Muhammad I (de Granada) (1194-1273), rey de Granada (1237-1273), iniciador de la dinastía
Nazarí. Nació en la localidad jiennense de Arjona. Se aprovechó del
declive almohade, tras su derrota en las Navas de Tolosa, para proclamarse
sultán de Arjona (1232), desde donde extendió su poder hacia otras
localidades vecinas, como Jaén. En 1237 entró en Granada, fundando el
emirato Nazarí, que incorporó poco después Málaga y Almería. Al
producirse el ataque de los cristianos a Jaén, Muhammad I firmó una
tregua de veinte años con Fernando III de Castilla (1246), al que reconocía
como soberano. Pero años después se alió con los Benimerines de
Marruecos, y apoyó las revueltas mudéjares de Andalucía y Murcia, lo
que motivó el ataque de Alfonso X de Castilla contra Granada. En sus últimos
años de gobierno hubo sublevaciones en el interior del reino.

Isma'il I (de Granada) (1279-1325), rey de Granada (1314-1325). Accedió al trono después
de desbancar al sultán Nasr, el cual buscó el apoyo de Castilla para
recuperar el poder. El infante castellano don Pedro efectuó diversas
campañas de saqueo por tierras granadinas, pero Isma´il reaccionó y en
el año 1319, en una batalla que tuvo lugar en la vega de Granada, los
infantes castellanos don Pedro y don Juan fueron derrotados y muertos.
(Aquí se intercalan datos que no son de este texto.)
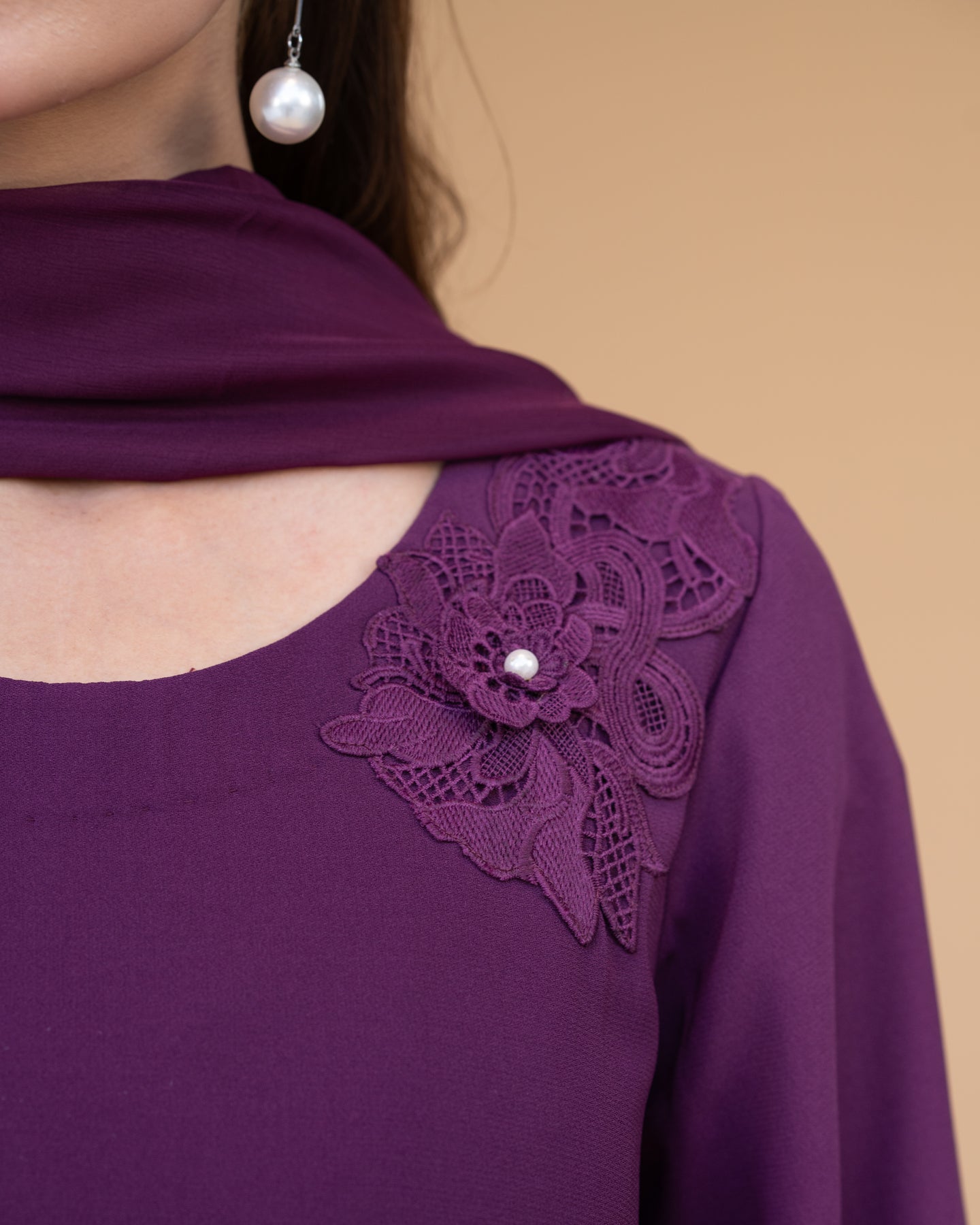 Bring timeless charm to your wardrobe with Vienna, an elegant formal ensemble crafted from luxurious crepe georgette for a smooth, flowy drape and refined finish. The outfit features beautiful lace detailing on the daaman and delicate motifs on the neck and dupatta, creating a harmonious balance of simplicity and sophistication.

Se
inauguró entonces un periodo de treguas entre Granada y los reinos
cristianos. Unos años después, Isma´il I logró recuperar diversas
plazas, como Baza, Orce o Huéscar, en cuyo ataque empleó, por vez
primera, un cañón de pólvora (1324). Al año siguiente, fue saqueada la
ciudad de Martos, pero al poco tiempo Isma´il I fue asesinado.

Abencerrajes,
nombre castellanizado con el que se conoce a un linaje nobiliario del
reino de Granada gobernado por los Nazaríes: los Banu Sarray
(literalmente, ‘hijos del talabartero’). Los Abencerrajes, que eran de
origen africano, fueron muy importantes en la vida política de Granada en
el siglo XV, contribuyendo a desencadenar la guerra civil que debilitó al
reino Nazarí. Su mayor poder lo alcanzaron con el sultán Muhammad IX,
del que Yusuf ibn Sarray fue visir. Pero desde el acceso de Muhammad X al
poder (1445), su papel comenzó a desdibujarse. Apoyaron a diversos
sultanes, como Abu Nasr Sa´d, pero también sufrieron persecuciones.
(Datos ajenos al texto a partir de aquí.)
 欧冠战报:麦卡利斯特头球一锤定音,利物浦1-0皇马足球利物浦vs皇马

Sublevados en Málaga en tiempos del sultán Abu-l-Hasan ‘Alí (Muley-Hacén),
los Abencerrajes fueron duramente reprimidos, lo que empujó a muchos de
ellos a huir desde 1473 a tierras de Castilla.

Abu Abd Allah
(Boabdil) (c. 1459-1528),
último rey Nazarí de Granada (1482-1492). era hijo del rey de Granada
Muley-Hacén (Abu-l-Hasan ‘Alí), ascendió al trono en 1482 tras una
revuelta de la población del Albaicín a causa de los elevados impuestos,
y obtuvo el respaldo de los Abencerrajes (familia granadina de origen
africano enfrentada secularmente a la de los Zegríes, que apoyaba a Muley-Hacén).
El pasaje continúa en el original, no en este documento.